Résumé :
La gestion quantitative de l’eau en Europe est un des facteurs essentiels pour l’atteinte des objectifs environnementaux fixés dans la Directive Cadre sur l’Eau. La Commission Européenne a ainsi encouragé la mise en œuvre de débits environnementaux, et des investissements pour l’augmentation de l’efficience des réseaux d’eau potable et d’irrigation.
Toutefois, l’efficacité environnementale de la modernisation des réseaux fait débat aussi bien dans la littérature scientifique (Grafton et al., 2018) qu’au sein d’organismes publics qui l’encourage (Acteon & CE, 2012).
En effet, « l’économie d’eau » correspond à une redistribution des flux entre de multiples usagers et l’environnement, à l’échelle du bassin versant, et les impacts de la modernisation dépendent donc de nombreux facteurs (possibilité d’augmenter les surfaces irriguées et les rendements, réglementation des autorisations à prélever, etc.).
Si les aspects techniques du problème sont relativement bien connus, les enjeux politiques liés à la modernisation des réseaux d’irrigation ont été plus rarement explorés (Venot et al., 2017), en particulier dans le cas de la réallocation d’eau vers l’environnement (Marshall & Alexandra, 2016).
Le bassin de la Durance, dans le Sud-Est de la France, représente un cas d’étude idéal car les nombreuses infrastructures rendent particulièrement visible la dimension politique des projets d’économie d’eau, liée à la réallocation des ressources.

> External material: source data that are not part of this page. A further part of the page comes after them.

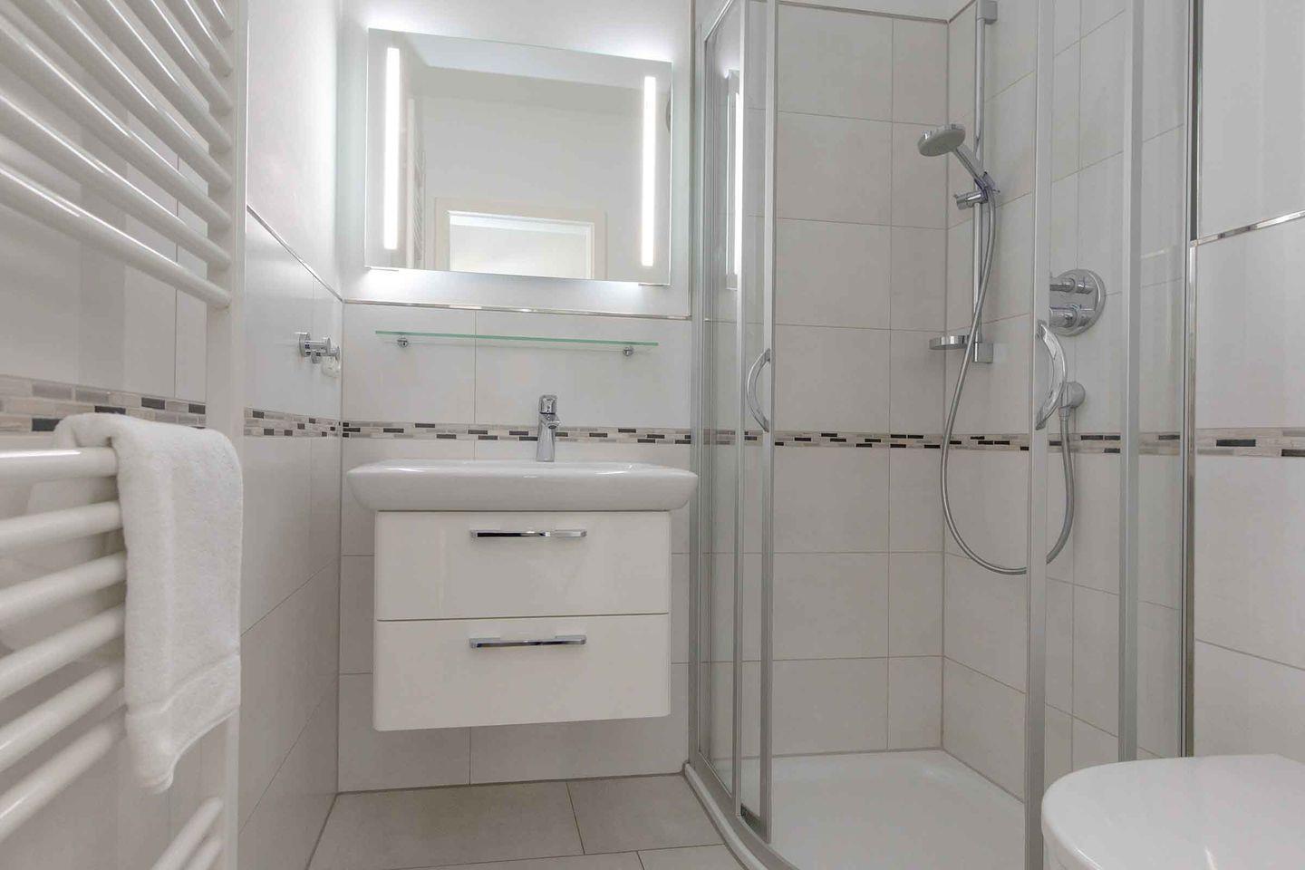 Das Bad verfügt über eine Dusche/WC. Vom Wohnbereich gelangen Sie auf den Balkon. Das eine Schlafzimmer verfügt über ein Doppelbett und einen Fernseher , das zweite Schlafzimmer über 2 Einzelbetten mit einem Fernsehgerät. Der Wohnung ist ein PKW - Stellplatz direkt am Haus zugehörig.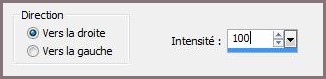 ** Couches/Dupliquer Activer le calque du tube original **Effets/Effets de Distorsion/Vent réglages suivants :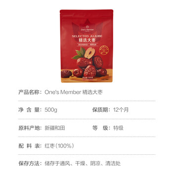 1号会员店 和田大枣 500g 新疆和田产区特等红枣补气血新老包装随机发货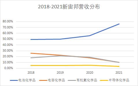近年来,新宙邦的有机氟化学品和半导体的营收占比呈现下降趋势,而原本是新宙邦发家之本的电容器化学品收入比重也在逐年下降。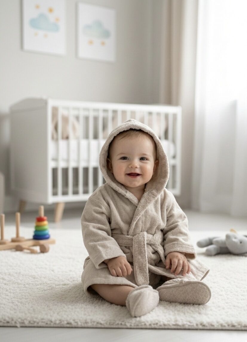 Bebeğinizin hassas cildi için özenle tasarlanan Premium Bebek Bornoz Takımı, banyo sonrası maksimum konfor ve sıcaklık sağlar.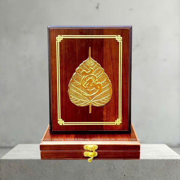 Không gian bài trí: La bồ đề dát vàng của HTgold kích thước phủ bì 17 x 22cm, gắn trên nền khung gỗ. Sắc vàng sang trọng từ chất liệu kim loại đồng dát vàng thể hiện sự tôn quý, phù hợp trang trí nhiều không gian như bàn làm việc, trung bày tại phòng khách...Sang trọng khi làm quà biếu, quà tặng, trang trọng và ý nghĩa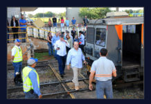 Governador e comitiva do governo federal realizam inspeção na via férrea DF-Valparaíso (GO). Trecho será o primeiro a transportar passageiros com ajuda de trens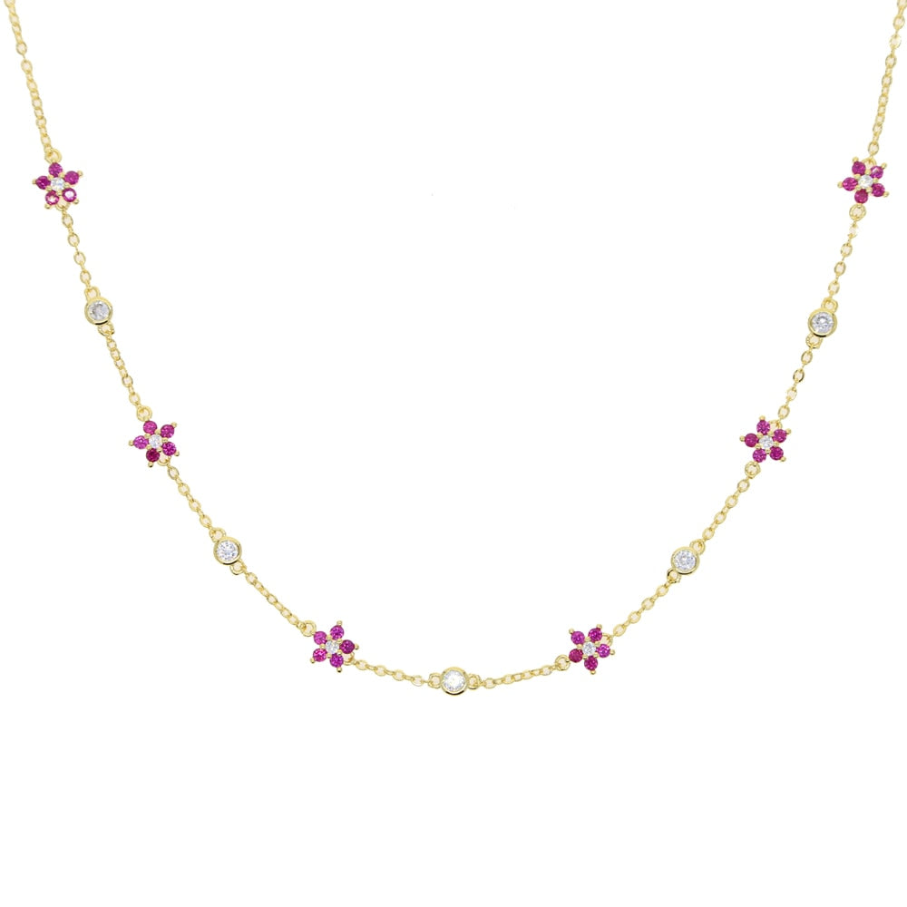 Illuminate your glow. Gorgeous and chic, our Demi Necklace is made with fuchsia pink crystal flowers on gold plating - a must-have piece for summer! For a stunning look, pair with our Chloe Earrings.

Cela a donné lieu à la création d’instruments de politique publique spécifiques, et s’intègre dans une trajectoire longue de plus de 50 ans.

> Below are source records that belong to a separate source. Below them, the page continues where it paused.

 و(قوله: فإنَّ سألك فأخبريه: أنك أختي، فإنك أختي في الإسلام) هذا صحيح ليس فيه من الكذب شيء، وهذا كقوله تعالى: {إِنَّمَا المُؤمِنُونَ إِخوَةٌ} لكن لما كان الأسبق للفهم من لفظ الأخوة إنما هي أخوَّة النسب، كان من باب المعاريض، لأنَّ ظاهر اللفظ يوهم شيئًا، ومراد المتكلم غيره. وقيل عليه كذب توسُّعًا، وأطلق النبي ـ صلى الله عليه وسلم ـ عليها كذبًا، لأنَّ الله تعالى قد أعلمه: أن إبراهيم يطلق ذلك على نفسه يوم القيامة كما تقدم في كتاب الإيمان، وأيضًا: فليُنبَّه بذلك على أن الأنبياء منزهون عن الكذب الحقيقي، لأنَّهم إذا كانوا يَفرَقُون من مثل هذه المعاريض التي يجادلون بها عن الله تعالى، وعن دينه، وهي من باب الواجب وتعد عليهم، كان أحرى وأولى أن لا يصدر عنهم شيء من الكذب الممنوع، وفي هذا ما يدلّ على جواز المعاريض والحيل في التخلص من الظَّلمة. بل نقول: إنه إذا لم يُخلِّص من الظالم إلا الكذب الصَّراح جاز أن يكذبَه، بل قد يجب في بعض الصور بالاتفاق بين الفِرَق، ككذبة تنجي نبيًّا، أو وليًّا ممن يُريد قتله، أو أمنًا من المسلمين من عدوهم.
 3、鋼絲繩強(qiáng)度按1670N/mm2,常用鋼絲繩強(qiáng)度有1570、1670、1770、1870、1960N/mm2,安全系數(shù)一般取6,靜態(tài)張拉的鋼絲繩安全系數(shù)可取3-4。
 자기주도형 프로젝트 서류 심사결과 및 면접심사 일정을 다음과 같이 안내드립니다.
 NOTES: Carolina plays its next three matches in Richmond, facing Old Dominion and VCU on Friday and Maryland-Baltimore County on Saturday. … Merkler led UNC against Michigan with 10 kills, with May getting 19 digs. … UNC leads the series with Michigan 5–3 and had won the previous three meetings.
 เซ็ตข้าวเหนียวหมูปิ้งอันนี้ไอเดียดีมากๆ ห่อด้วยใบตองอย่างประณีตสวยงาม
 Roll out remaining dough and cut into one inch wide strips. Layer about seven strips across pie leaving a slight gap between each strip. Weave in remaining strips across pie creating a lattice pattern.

En nous appuyant sur la sociologie de l’action publique et la political ecology, nous analysons les paradigmes des politiques d’économie et réallocation d’eau dans le temps long, leurs territorialisations et leurs effets dans le bassin de la Durance.
Dans notre présentation, nous nous intéresserons à l’un des instruments centraux de cette politique : un ‘Compte Epargne Volume’ visant la réallocation d’eau vers les milieux naturels duranciens. Nous montrerons que cet outil de quantification des économies d’eau peut être analysé comme un arrangement institutionnel ambigu, ayant permis l’agrégation d’intérêts divers et le maintien d’une politique dont les effets restent controversés.